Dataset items
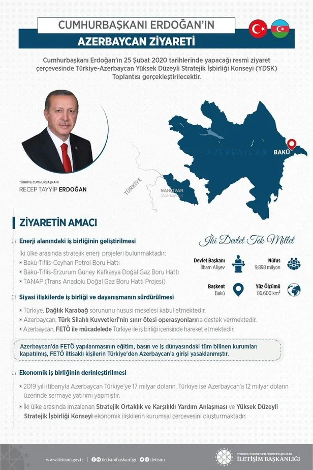 Başkan Erdoğan, resmi temaslarda bulunmak üzere Azerbaycan'a hareket etti. Başkan Erdoğan ziyareti öncesi açıklamalarda bulundu. Erdoğan'ın konuşmasının satır başları şöyle:
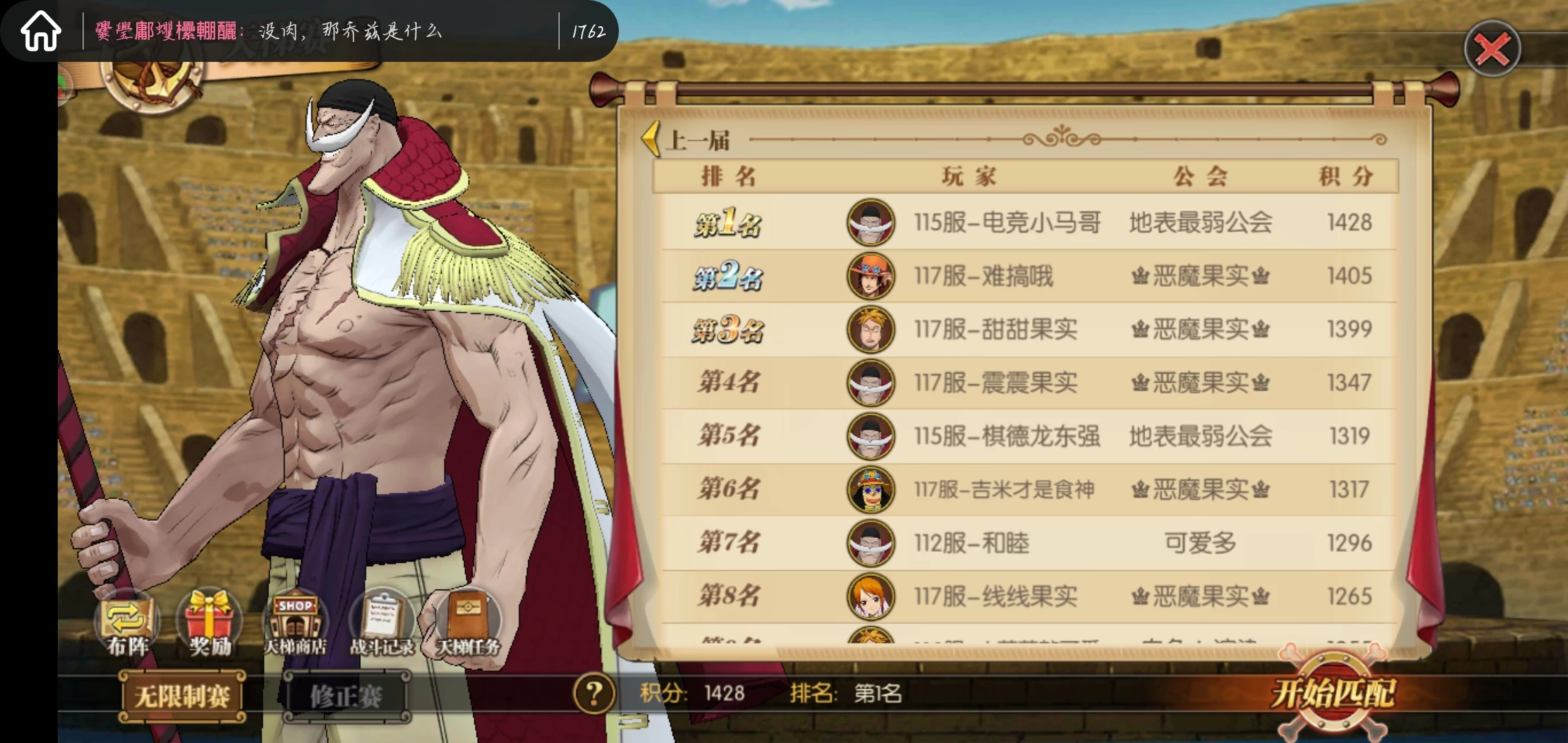 最强四皇一定要有排名,时代的霸者有概率让对手自动退回,实测敌方平a技能都可能触发,大概效果就是敌方平a之后如果触发你白胡子会自动碎屏一次然后敌方无法释放技能和奥义停手撤退
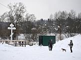 Воскресенский Новоиерусалимский ставропигиальный мужской монастырь. Поклонный крест у купели на реке Истре. Жанровая фотография.
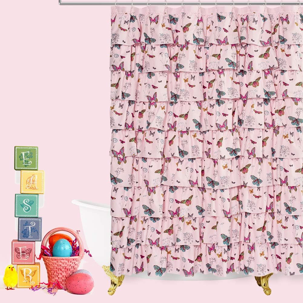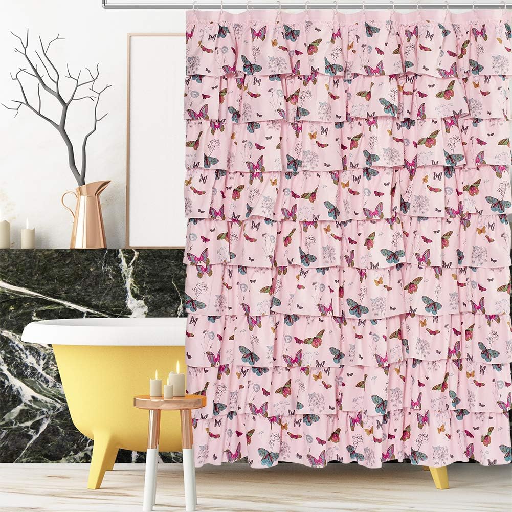 72 width x 72 length inch | Pink Butterfly Pattern | Ruffles Decor We provide 90days refund if you're not satisfied with our product. At long shower curtain,we have a passion for designing products that will enhance every area in your home and improve your family's overall well-being.We're committed to manufacturing products that use top quality materials, fashion designs and detailed finishes.Our stall shower curtain is more popular with boy, girls, boys,kids, etc Features: Premium Quality Fabric: healthy material Polyester,no chemical odors,environmental & health friendly. Fabric ruffled shower curtain: impart an air of elegance & sweet into a bathroom, Restroom,Toilet ,Guest Room etc. Microfiber WaterProof Fabric: Waterrepellent and dries quickly. Extra Free 12 plastic shower curtain hooks included,easy to install. Care instruction: Easy clean, machine wash cold with like colors on gentle cycle. Use mild detergent, and only use non-chlorine bleach. Tumble dry low and remove promptly Recommended to use with a liner recommended. Note: Due to different screen display, the colors of the actual item may vary slightly from the above images. The rod in the image are NOT included.Keep attention to the baby, kids, toddler and teens if they are playing with the shower curtain.
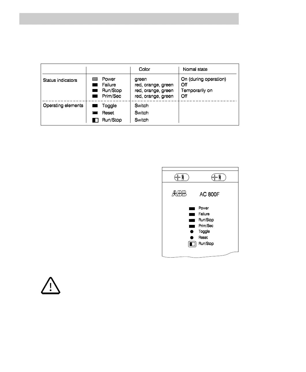 Figure 5-14 shows the status indicator LEDs and operating elements on the AC 800F
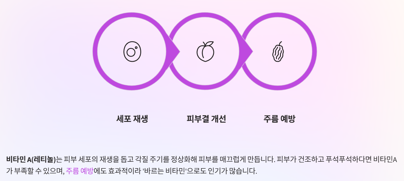 피부 세포의 재생을 돕고 각질 주기를 정상화해 피부를 매끄럽게 만듭니다. 피부가 건조하고 푸석푸석하다면 비타민A가 부족할 수 있어요. 주름 예방에도 효과적이라 '바르는 비타민'으로도 인기가 많습니다.

Your instructions
Could you reproduce exactly the lines from the one containing "Figure 5-14 shows" through the last line of the records, both included, leaving out the pictures?

Response area
 Figure 5-14 shows the status indicator LEDs and operating elements on the AC 800F
 피부 세포의 재생을 돕고 각질 주기를 정상화해 피부를 매끄럽게 만듭니다. 피부가 건조하고 푸석푸석하다면 비타민A가 부족할 수 있어요. 주름 예방에도 효과적이라 '바르는 비타민'으로도 인기가 많습니다.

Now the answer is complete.